The scoring standards for the index were created by summing the standardized expenditure shares
for the Food Plan categories that contribute to each of the 11 components. Similarly, the observed
household expenditure shares per Food Plan category are summed. To obtain a score for each of the
11 GPQI-2016 components, the aggregate observed food category expenditure share is first divided
by the standardized expenditure share.
For the adequacy components (listed in Table 2 below), multiplying the ratio by the maximum points
for the component results in the component score. For ratios greater than 1.0, the score is
constrained so as to equal the maximum number of points.

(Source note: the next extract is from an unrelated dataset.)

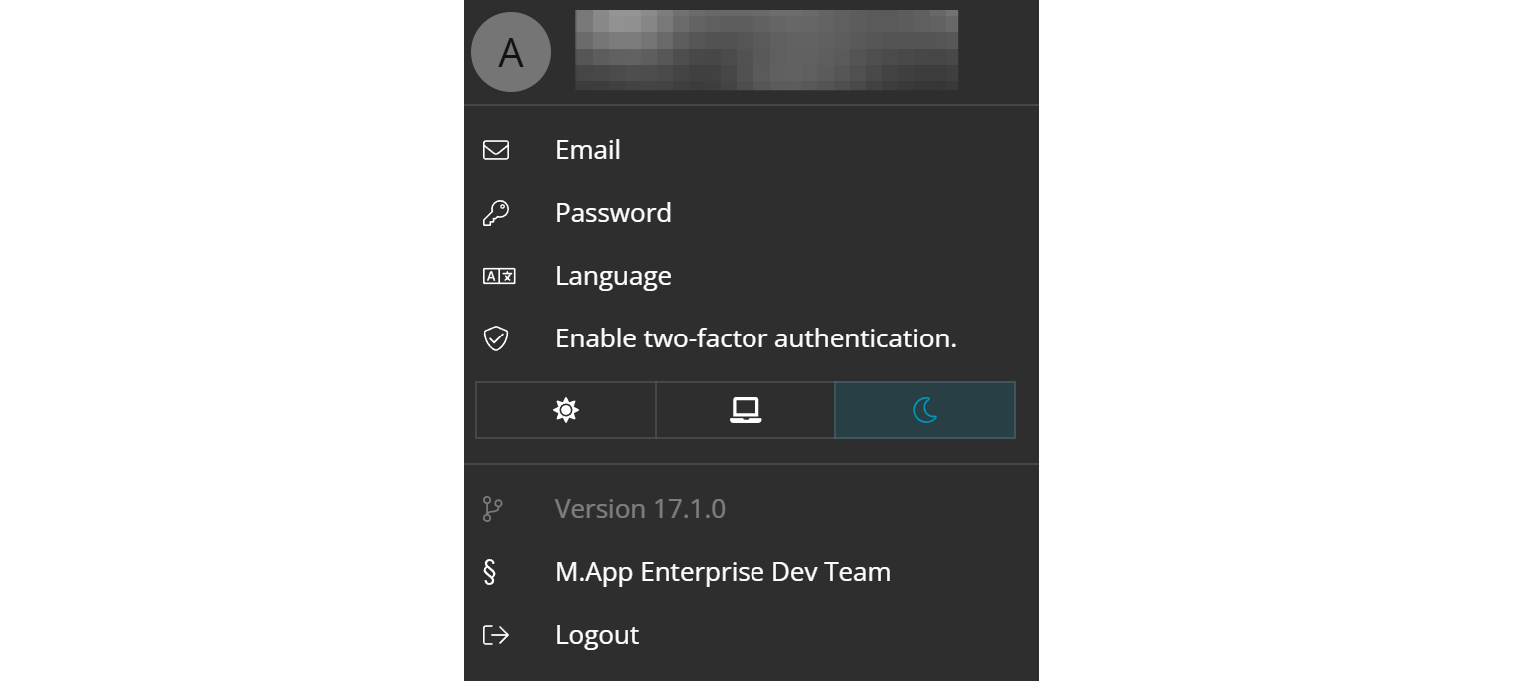 The username and the underlying email address appear next to the circle symbol with the number. By clicking on Email or Password you can change either of these for the current user you are logged in. Also the language is an adaptable feature that can be set here. If desired you can enable two-factor authentication as security mechanism. Change from dark mode to light mode or vice versa. And finally there is also a logout button to end your session. It will forward you back to the login mask.

For the Dairy component, the two Food
Plan categories with regular fat content (or the one in the 15-category schema) are constrained so
that expenditures from these categories cannot contribute more than their per-category share.
For the moderation components (listed in Table 2 below), a ratio of 1.0 is assigned the maximum of
point. To establish the cut-point (i.e., the upper bound ratio value >1.0) for assigning the minimum
score of zero, the authors used estimates from the USDA/ERS National Food Purchase and
Acquisition Survey, 2012 (FoodAPS). That survey collected information on all foods purchased or
otherwise acquired during a 7-day period by 4,826 households in the 48 contiguous states. The data
sets include the prices paid for foods at the item level. Then the relevant categories were combined
into the moderation categories for scoring (i.e., Refined Grains, Processed Meats, and Sweets and
Sodas). The authors computed the base ratio values for food items purchased at stores in each of
the moderation categories and then estimated the population’s 85th percentile. These values were
4.9 for Refined Grains, 18.9 for Processed Meats, and 14.9 for Sweets and Sodas. Ratios at the 85th
percentile or higher are assigned a score of zero. Ratios from 1.0 to the value at the 85th percentile
are assigned scores linearly descending from the maximum points (MaxPoints) to zero. Expressed
mathematically,
Score = MaxPoints*(max(0.0,min(1.0,1.0-((ratio-1.0)/(85pctl-1.0))))).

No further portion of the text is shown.